For commands, same process as before, but just few changes


##### Step 1: Import Packages and read dataset

##### Step 2: Define Y and Xs (Same)

In [None]:
## Define y
y = data['log_inc']

## Define X (exclude inc, incsq, log_inc)
columns_ = data.columns.tolist()
exclude_cols = ['inc', 'incsq', 'log_inc'] 
X = data[[i for i in columns_ if i not in exclude_cols]] 
## Print shapes of y and X
print y.shape, X.shape


##### Step 3 : Split Train and Test Samples (Same)

In [None]:
## Train test split 70/30
from sklearn.cross_validation import train_test_split
X_train, X_test, y_train, y_test = train_test_split(X, y, test_size=0.3)

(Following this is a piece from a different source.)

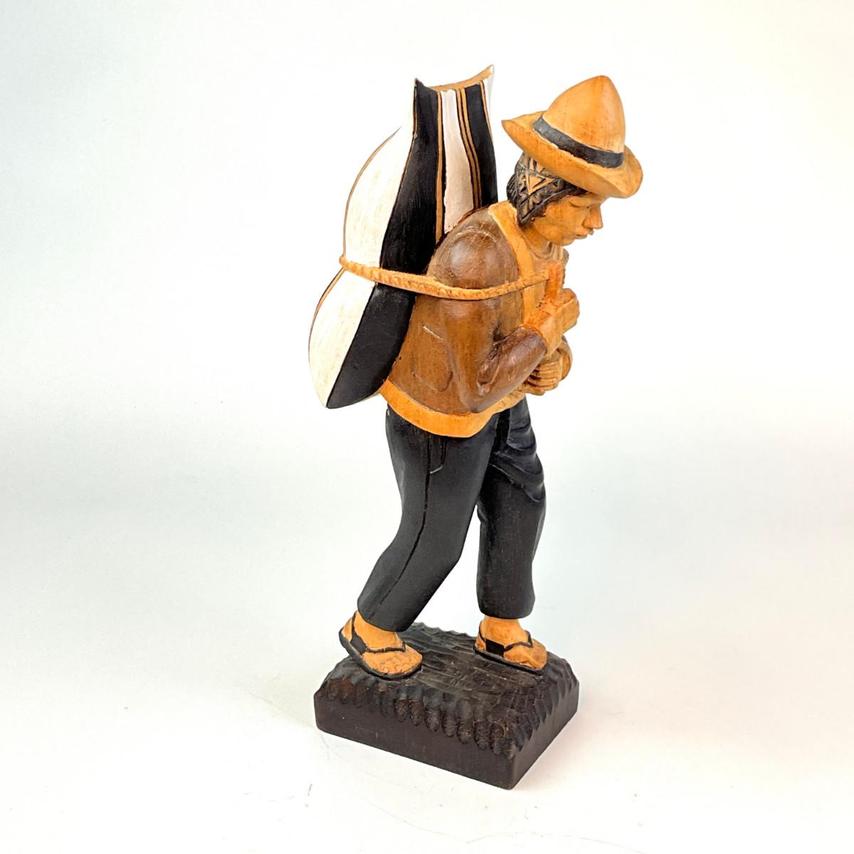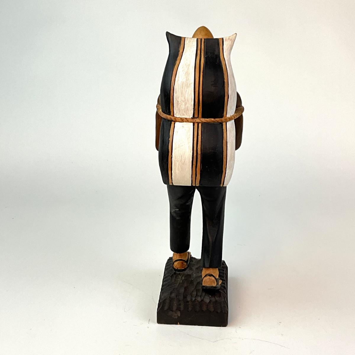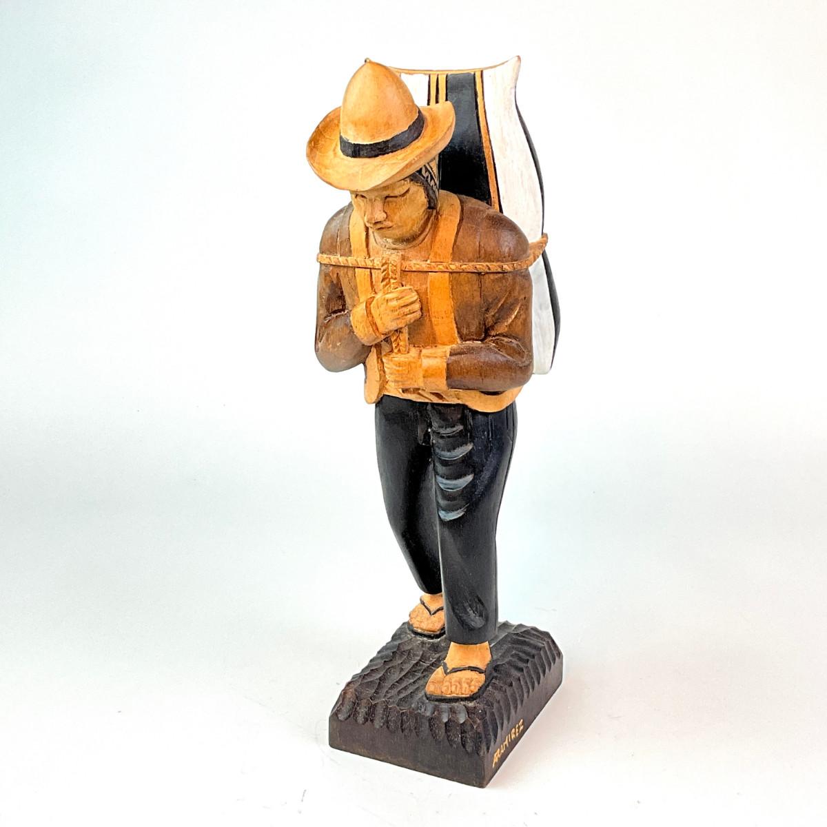 367 Hand-Carved Wooden Sculpture Of Man Carrying Bag

## Print shapes of X(s) and y(s)
print X_train.shape, y_train.shape
print X_test.shape, y_test.shape


##### Step 4 : Call and Build a random forest model (different)

In [None]:
#Build a Random regression tree
from sklearn.ensemble import RandomForestRegressor

forest = RandomForestRegressor( )

params = {'max_depth':[3,4,5], 
          'max_features':[2,3,4], 
          'max_leaf_nodes':[5,6,7], 
          'min_samples_split':[3,4],
         'n_estimators': [100]
         }



##### Step 5: Cross Validate the method

In [None]:
### Here crossvalidate using the Gridsearch
from sklearn.grid_search import GridSearchCV
estimator_rfr = GridSearchCV(forest, params, n_jobs=-1,  cv=5,verbose=1)


##### Step 6 : Fit your best model found in gridsearch (different)

In [None]:
#Fit the tree model : Now we need to bring everything together and build a model on the train data
#Print best estimator, best parameters, and best score (best fit to explain Y)

''' rfr_best = is the random forest regression tree regressor with best parameters/estimators'''

rfr_best = estimator_rfr.best_estimator_
print "best estimator", rfr_best
print "\n==========\n"
print "best parameters", estimator_rfr.best_params_
print "\n==========\n"
print "best score", estimator_rfr.best_score_



##### Step 7: Define a function that we will use to print all features (indpdt variables) by importance.
Just call the function defined before, and print the features
The ones with most explanatory power.

In [None]:
#Using the function defined in Simple Reg Tree to Print feature Importance
feature_importance(X, rfr_best)



##### Step 8 : Predict on the Test sample. We train a model on the train data part, we need to test it

In [None]:
#Predict on the Test Data
y_pred_rfdtr= rfr_best.predict(X_test)
y_pred_rfdtr

##### Step 9 : Evaluate the performance of your model (MSE in train and test data, R2 in train and test data)
You need to know if your model performed well on the test data. 
Evaluation using MSE and R^2.

We already created the function above

In [None]:
#Evaluate the performance of your model (MSE in train and test data, R2 in train and test data) using function created above
rsquare_meansquare_error(y_train, y_test, X_train, X_test, "Random Forest Regression tree", rfr_best)


Last Step is to compare MSE and R^2 of Simple Regression tree and Random Forest Tree.
Choose the one that has the most close values on train and test, and also high R^2.